Mirrors & Windows

frame-1133666__180I was watching the window cleaner washing windows and it reminded me that windows in a house are like the eyes which are windows to the soul.  When the windows are clean, it makes it easier to see the direction you want to travel at this point in time.  When they are dirty, we sometimes end up being a little stuck and unable to see which direction to move forward in.  So if you are unsure about something, perhaps washing the windows will help.  Part of the reason I have found this task to help, is that my chatterbox gets going and all the negative thoughts come up.  At least once they have popped into my head I am able to work with them as they are often fears that I have which are keeping me form moving forward.  Once I have worked out what the fear is, I can work out where it has come from so that I can then release it so that the attachment to the emotion is no longer able to affect me.  I know that I will be shown the fear again as our patterns move in a circular motion.  The exciting thing is though that eventually I will be able to look at the situation that caused the fear initially and there will be no emotional reaction.  That’s the exciting part to get to.

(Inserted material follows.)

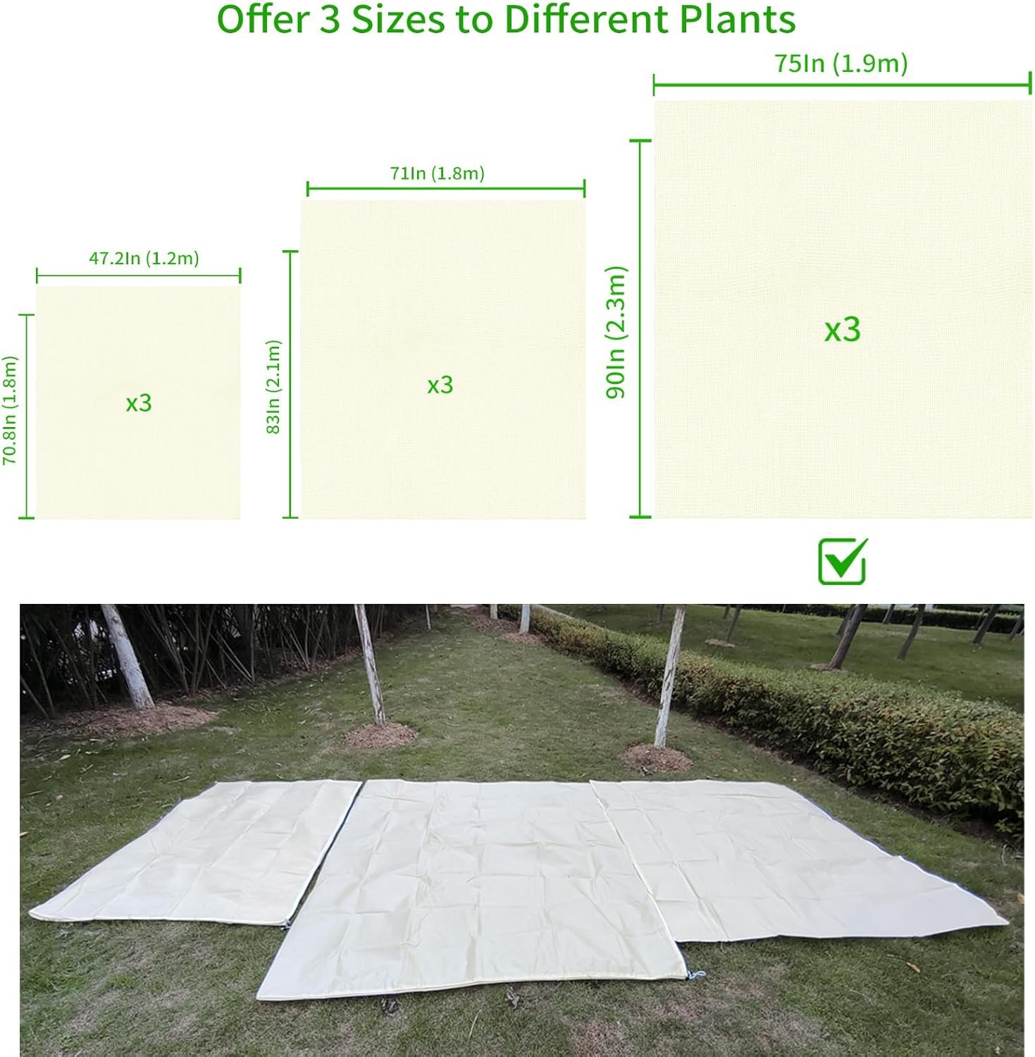 3 Packs Plant Covers Freeze Protection 75″x 90″ 2.65oz/yd2 Heavy Duty Anti Frost Blankets Cover Bag with Zipper Drawstring for Winter Outdoor Plant Tree Shrub Potted Plants (75″x90″)

Mirrors on the other hand reflect back to us whatever they see.  That is, if there is a mess in front of the mirror then this will be reflected back to us in other areas of our lives on a greater scale than the little mess in front of the mirror.  On the other hand, if a mirror is placed in  front of a alter that has things we love on it then that is what is reflected back to us.  You will find that you are attracted just to things you love and will only want to hold onto those things, experiences and attitudes in your life that you love.

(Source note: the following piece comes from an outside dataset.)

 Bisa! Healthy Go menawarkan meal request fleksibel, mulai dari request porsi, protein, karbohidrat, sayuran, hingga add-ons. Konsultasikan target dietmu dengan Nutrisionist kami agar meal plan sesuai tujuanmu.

I have recently watched a facebook live session from an acquaintance and it bothered me.  When I stopped and looked at what it was that bothered me about this session, I realised that the person presented herself in a manner that seemed almost brash but was a façade for her vulnerability and her insecurity about her story and message being accepted.  The information she was sharing was great and worth listening to but I wasn’t able to get past the language being used.  What I realised was that this was how I felt about exposing my vulnerability, my story and my message.  We each have our own way of exposing our fears.  This was a great reminder to stop and look at why something about someone is bothering me.